Train a Gradiant Boosting regressor on the California housing dataset._

Let's load the dataset using Scikit-Learn's `fetch_california_housing()` function:

In [1]:
from sklearn.datasets import fetch_california_housing

housing = fetch_california_housing()
X = housing["data"]
y = housing["target"]

In [2]:
y

array([4.526, 3.585, 3.521, ..., 0.923, 0.847, 0.894])

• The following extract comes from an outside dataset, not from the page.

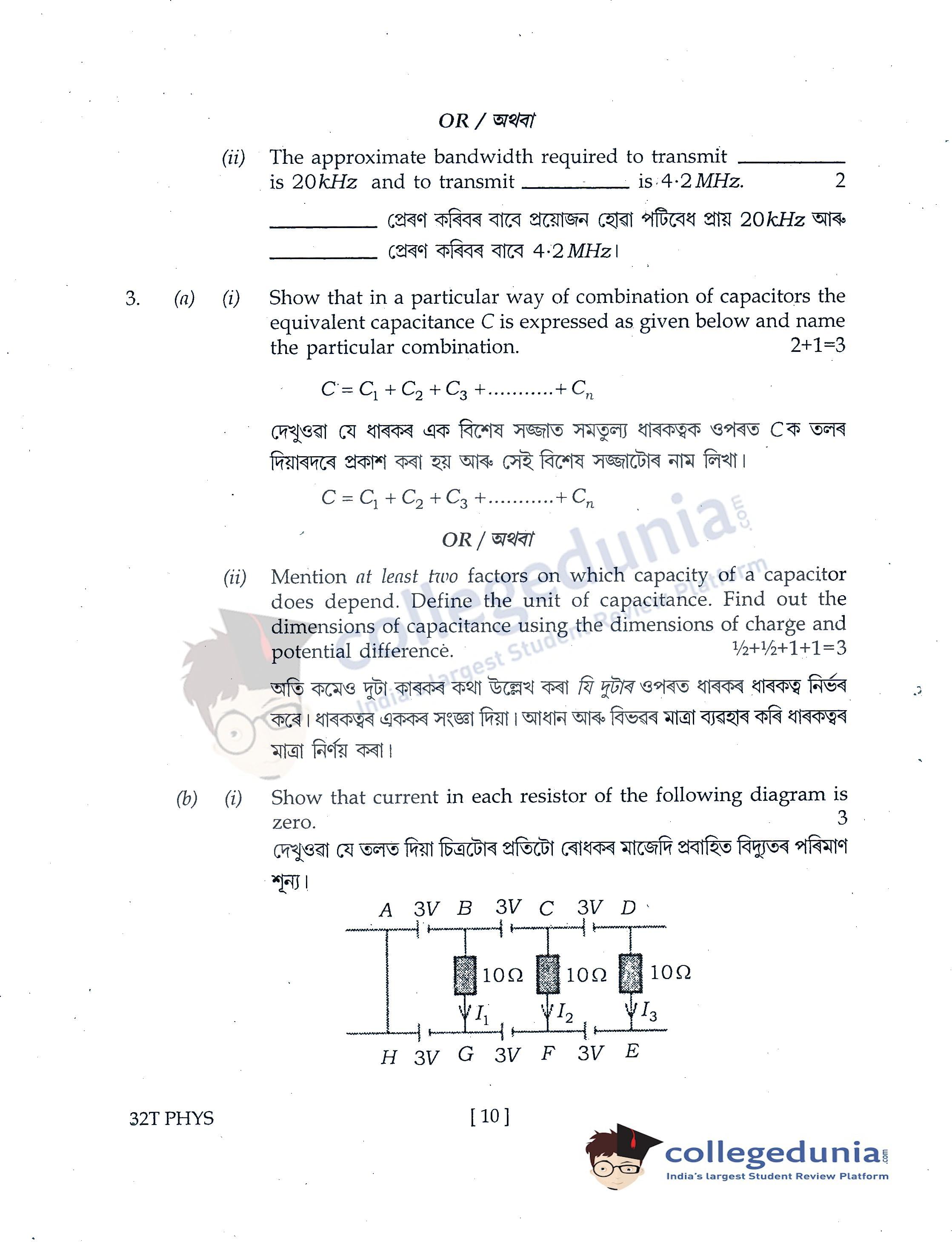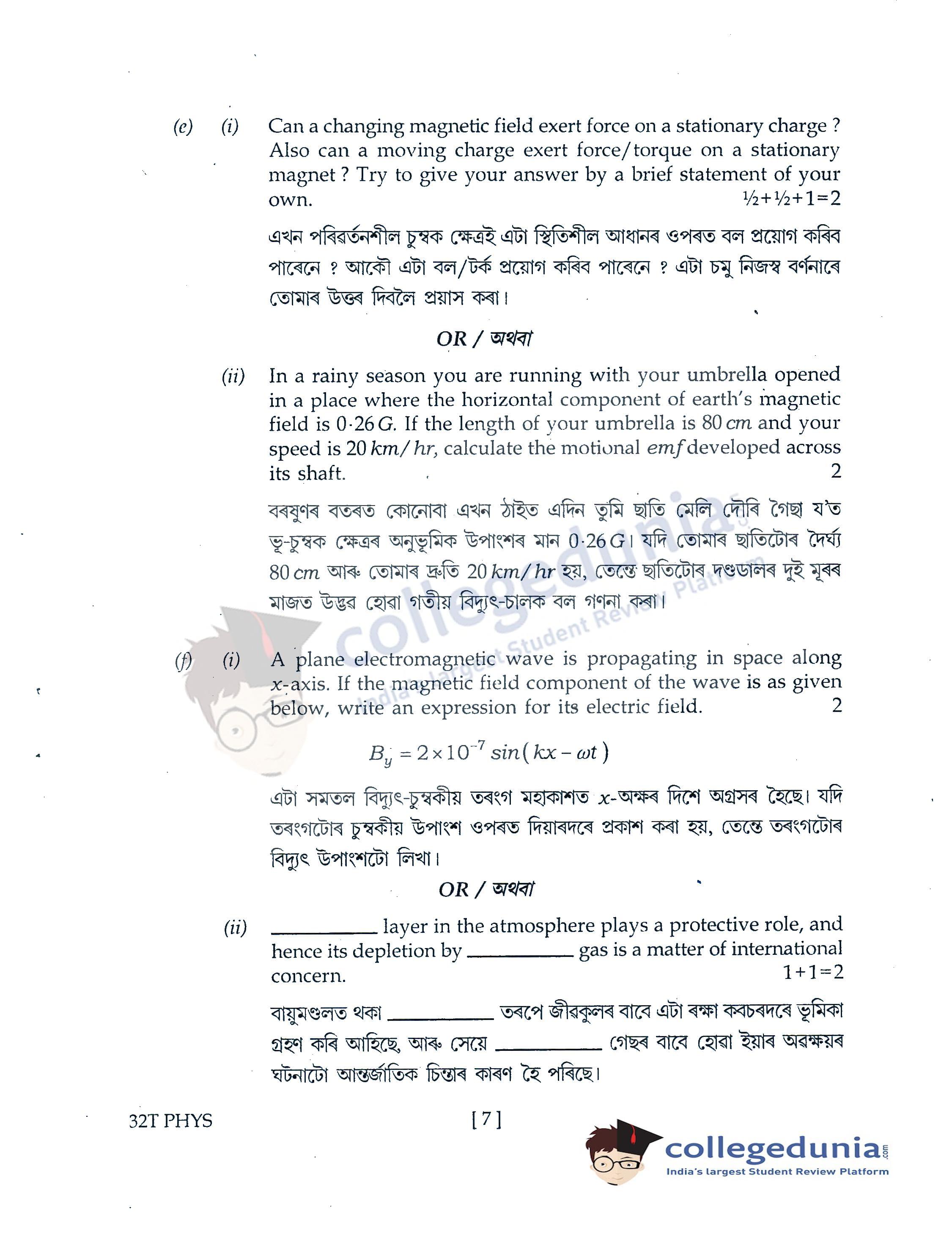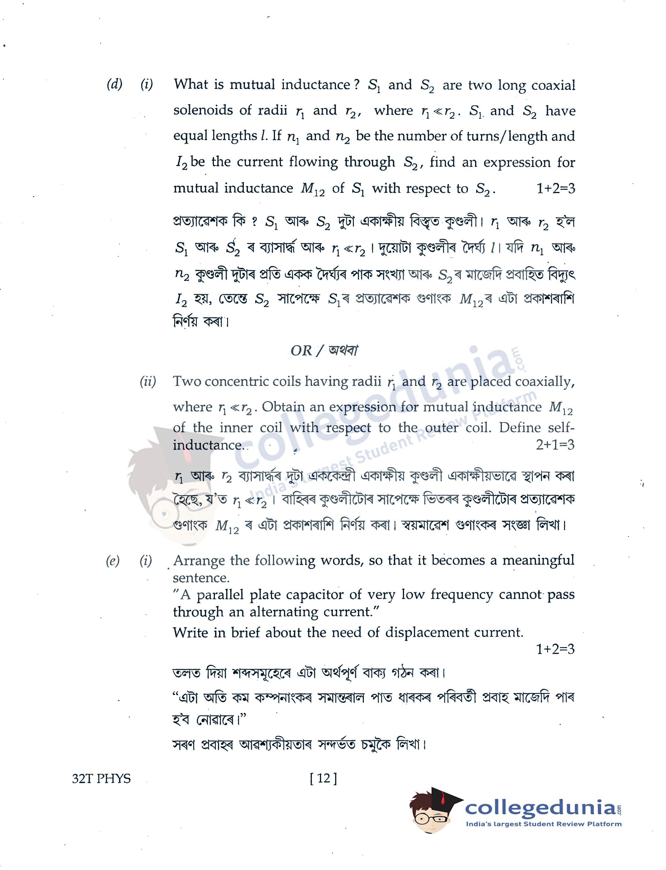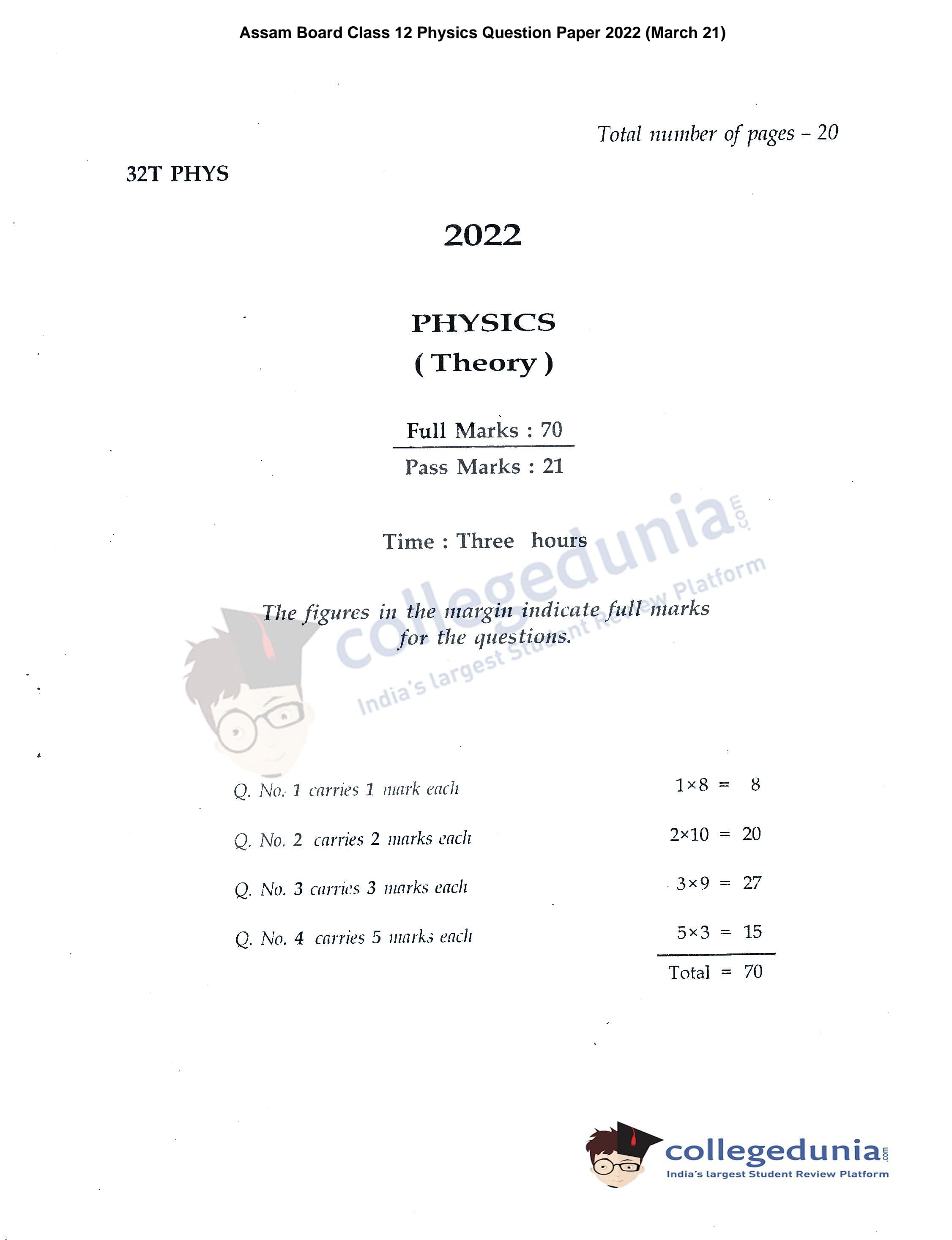 Assam HS 2nd Year Physics Question Paper 2022 with Answer Key (March 21)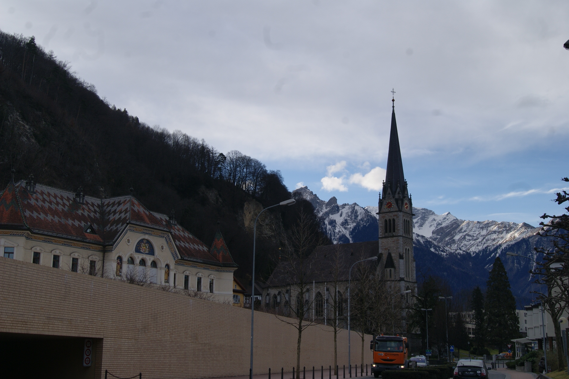 como la oficina de turismo está casi al final de la zona de interés turístico, pues comencé desde el final, desde la iglesia de Vaduz, a su lado, la casa de la música, y siguiendo por la calle principal, el edificio del parlamento y el edificio de gobierno, hasta llegar nuevamente a la oficina de turismo

Split it into a training set and a test set:

In [3]:
from sklearn.model_selection import train_test_split

X_train, X_test, y_train, y_test = train_test_split(X, y, test_size=0.2, random_state=42)

In [4]:
from sklearn.preprocessing import StandardScaler

scaler = StandardScaler()
X_train_scaled = scaler.fit_transform(X_train)
X_test_scaled = scaler.transform(X_test)

Q1. Use GradientBoostingRegressor model in two settings 1) learning rate 1, number of estimators =3, and 2) learning rate 0.1 number of estimator =200 . What do you observe. Describe your observatioon in text format in canvas PCA.

In [19]:
from sklearn.ensemble import GradientBoostingRegressor
gbrt1 = GradientBoostingRegressor(n_estimators=3, learning_rate=1.0)
gbrt1.fit(X_train_scaled, y_train)
y_pred1 = gbrt1.predict(X_test_scaled)

gbrt2 = GradientBoostingRegressor(n_estimators=200, learning_rate=0.1)
gbrt2.fit(X_train_scaled, y_train)
y_pred2 = gbrt2.predict(X_test_scaled)

In [20]:
from sklearn.metrics import mean_squared_error

print(mean_squared_error(y_test, y_pred1))
print(mean_squared_error(y_test, y_pred2))

0.4473509371594874
0.2614592448892024


Q2. What is the good choice of values for these two hyper-parameters.
Hint:

In order to find the optimal number of trees, you can use early stopping. A simple way to implement this is to use the staged_predict() method: it returns an iterator over the predictions made by the ensemble at each stage of train‐ ing (with one tree, two trees, etc.).  See example code in book page 206.

In [35]:
import numpy as np

gbrt = GradientBoostingRegressor(n_estimators=1000, learning_rate=0.1)
gbrt.fit(X_train_scaled, y_train)
errors = [mean_squared_error(y_test, y_pred)
for y_pred in gbrt.staged_predict(X_test_scaled)]
bst_n_estimators = np.argmin(errors) + 1

bst_n_estimators

991

In [36]:
gbrt_best = GradientBoostingRegressor(n_estimators=bst_n_estimators, learning_rate=0.1)
gbrt_best.fit(X_train_scaled, y_train)
y_pred = gbrt_best.predict(X_test_scaled)
print(mean_squared_error(y_test, y_pred))

0.22319500733262296


In [30]:
gbrtw = GradientBoostingRegressor(warm_start=True)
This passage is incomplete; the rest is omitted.